• _TASK DIRECTIONS_
Please output exactly the lines below, starting at the line that has "Antisipasi Gangguan Kamtibmas" and ending at the line that has "USING RE-PURPOSED PARTS", both included; leave out all pictures and include nothing else.

• _MATERIAL FOR THIS EXERCISE_
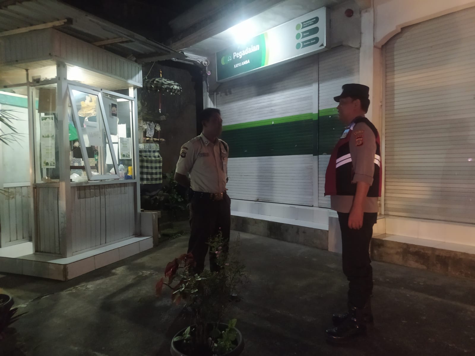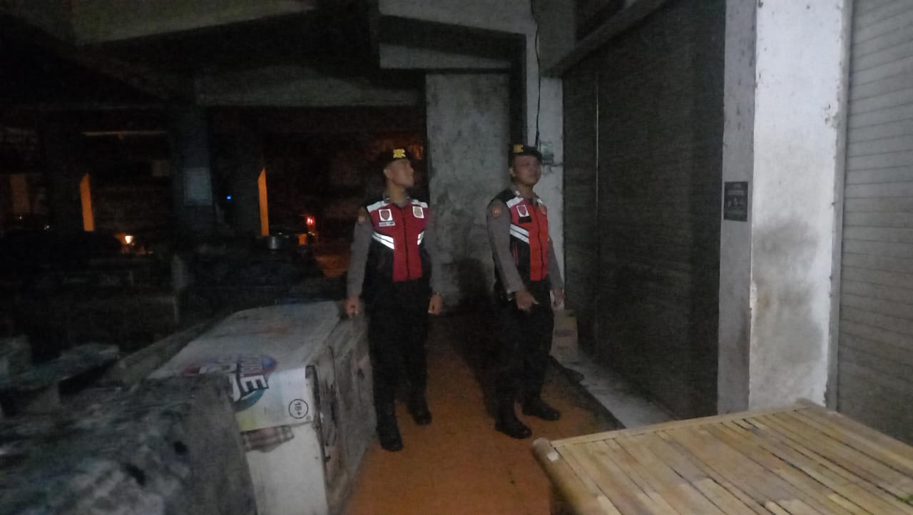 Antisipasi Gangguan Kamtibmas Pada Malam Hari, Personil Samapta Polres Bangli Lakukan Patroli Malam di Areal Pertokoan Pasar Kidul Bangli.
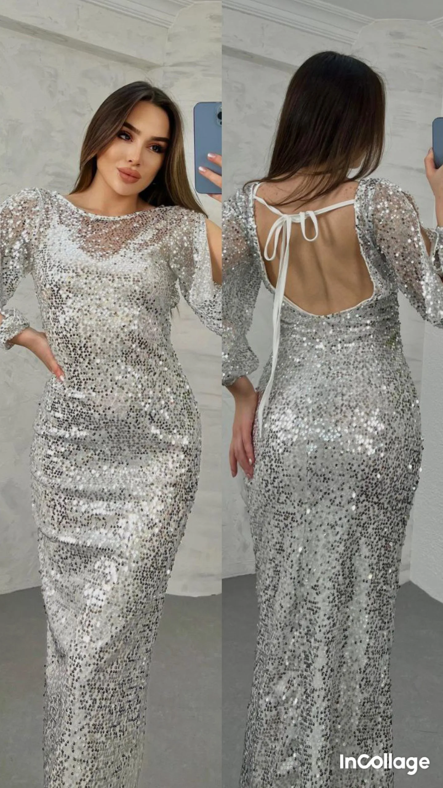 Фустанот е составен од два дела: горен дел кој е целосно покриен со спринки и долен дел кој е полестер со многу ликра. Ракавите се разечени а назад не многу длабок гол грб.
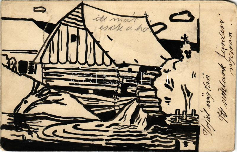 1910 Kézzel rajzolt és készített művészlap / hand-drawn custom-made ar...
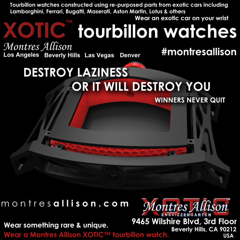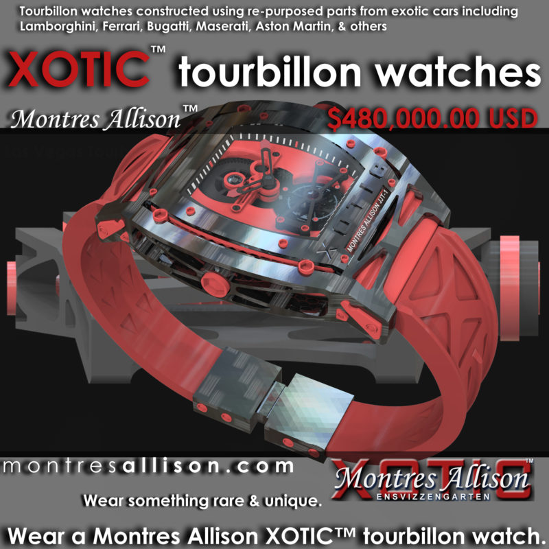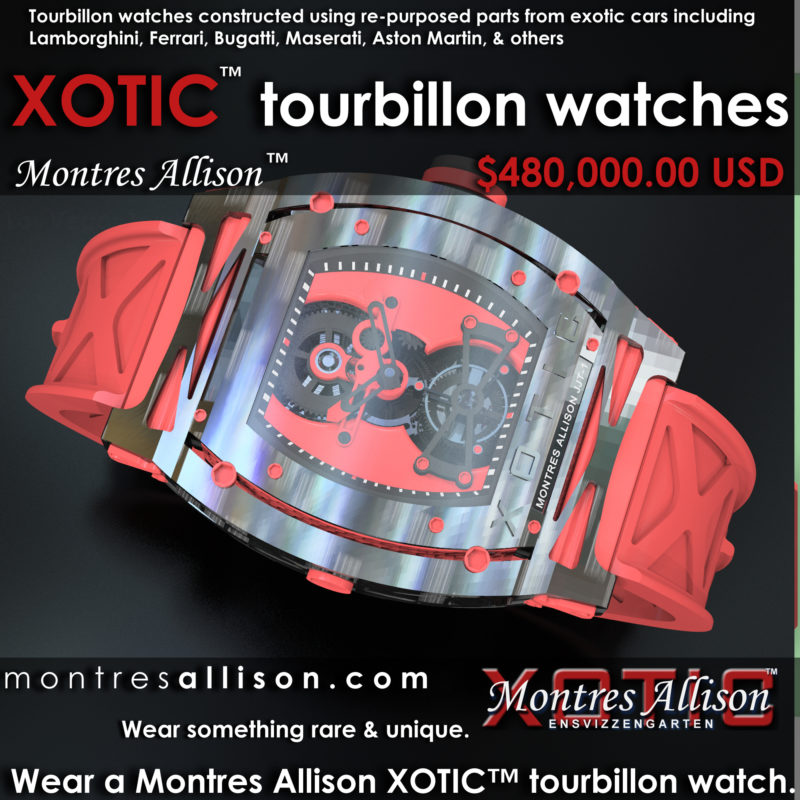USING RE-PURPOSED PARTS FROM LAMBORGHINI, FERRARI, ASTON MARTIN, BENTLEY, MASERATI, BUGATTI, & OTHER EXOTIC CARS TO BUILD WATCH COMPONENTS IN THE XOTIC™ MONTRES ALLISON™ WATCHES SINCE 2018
...
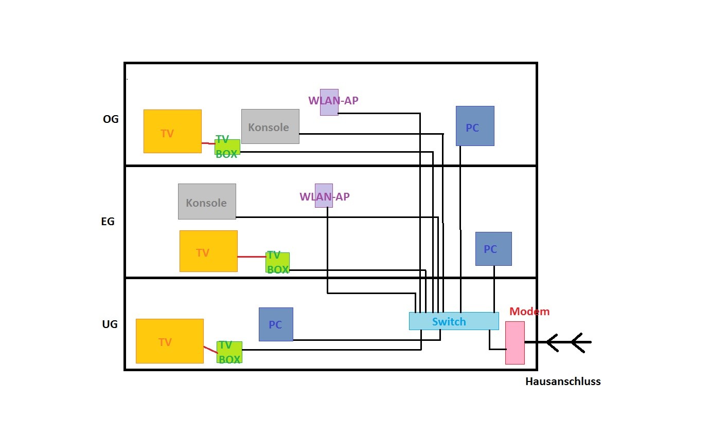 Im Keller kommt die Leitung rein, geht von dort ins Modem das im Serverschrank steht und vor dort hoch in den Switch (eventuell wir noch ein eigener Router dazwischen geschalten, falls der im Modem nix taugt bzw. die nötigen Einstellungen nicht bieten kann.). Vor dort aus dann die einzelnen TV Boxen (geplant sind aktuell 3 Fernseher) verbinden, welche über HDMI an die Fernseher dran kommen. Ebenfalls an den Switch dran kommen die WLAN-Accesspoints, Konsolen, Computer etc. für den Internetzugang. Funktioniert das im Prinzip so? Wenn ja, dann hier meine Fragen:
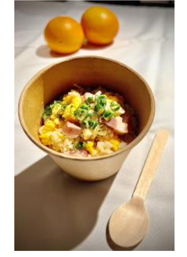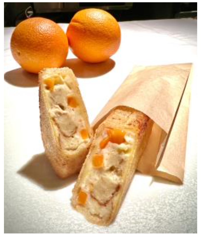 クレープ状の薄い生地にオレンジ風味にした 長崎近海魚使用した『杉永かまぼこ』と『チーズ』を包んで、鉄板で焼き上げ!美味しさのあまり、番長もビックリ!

• _ANSWER TO THIS EXERCISE_
 Antisipasi Gangguan Kamtibmas Pada Malam Hari, Personil Samapta Polres Bangli Lakukan Patroli Malam di Areal Pertokoan Pasar Kidul Bangli.
 Фустанот е составен од два дела: горен дел кој е целосно покриен со спринки и долен дел кој е полестер со многу ликра. Ракавите се разечени а назад не многу длабок гол грб.
 1910 Kézzel rajzolt és készített művészlap / hand-drawn custom-made ar...
USING RE-PURPOSED PARTS FROM LAMBORGHINI, FERRARI, ASTON MARTIN, BENTLEY, MASERATI, BUGATTI, & OTHER EXOTIC CARS TO BUILD WATCH COMPONENTS IN THE XOTIC™ MONTRES ALLISON™ WATCHES SINCE 2018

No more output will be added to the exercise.